TRY IT:
Give back exactly the lines that start at the one containing "For Samsung Galaxy" and run to the end of the material, leaving out the pictures.

=== Section Start ===

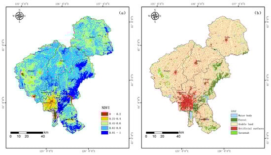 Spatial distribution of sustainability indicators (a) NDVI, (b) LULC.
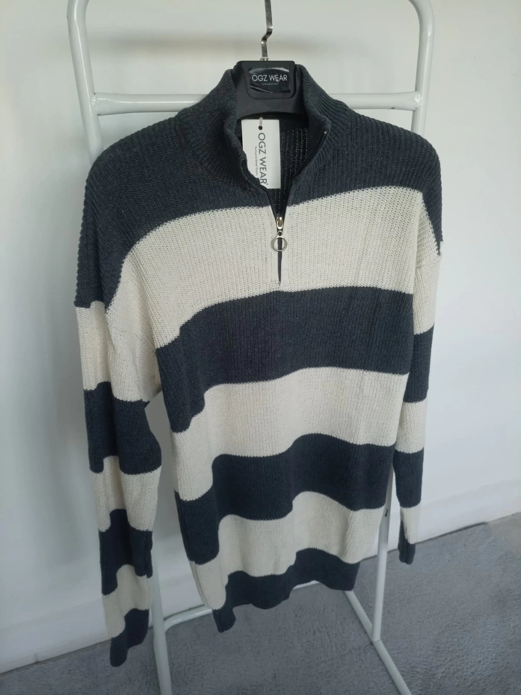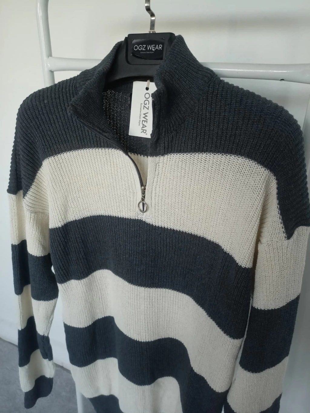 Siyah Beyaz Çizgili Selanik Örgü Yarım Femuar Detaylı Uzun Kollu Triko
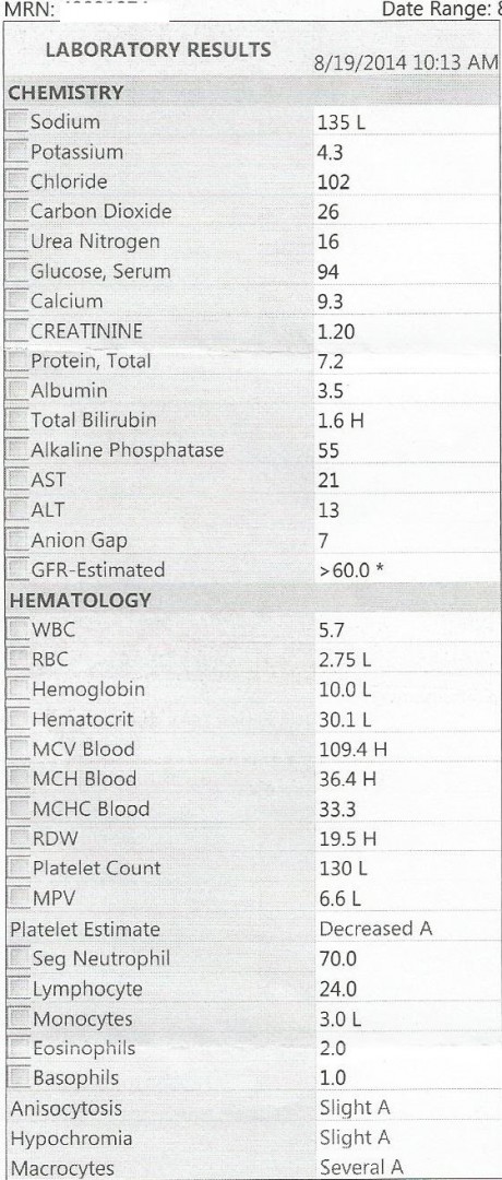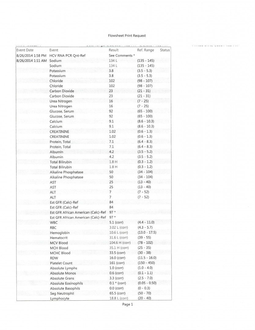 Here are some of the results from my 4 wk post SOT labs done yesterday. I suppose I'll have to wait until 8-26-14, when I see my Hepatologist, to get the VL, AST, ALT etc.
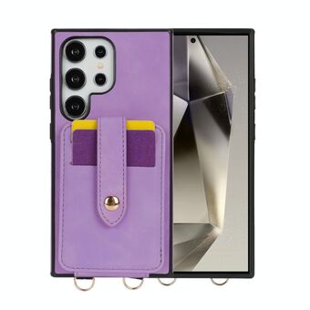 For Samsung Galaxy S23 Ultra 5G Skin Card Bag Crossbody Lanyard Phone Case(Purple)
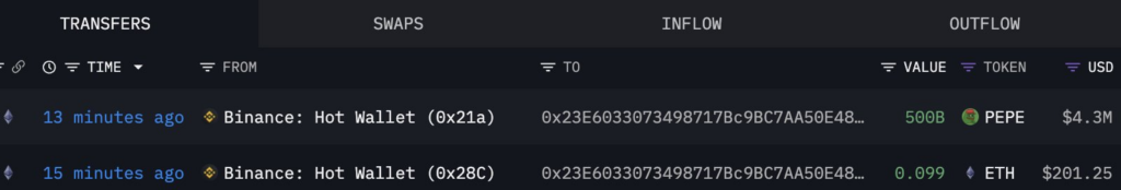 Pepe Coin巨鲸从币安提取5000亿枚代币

=== Section End ===

RESULT:
 For Samsung Galaxy S23 Ultra 5G Skin Card Bag Crossbody Lanyard Phone Case(Purple)
 Pepe Coin巨鲸从币安提取5000亿枚代币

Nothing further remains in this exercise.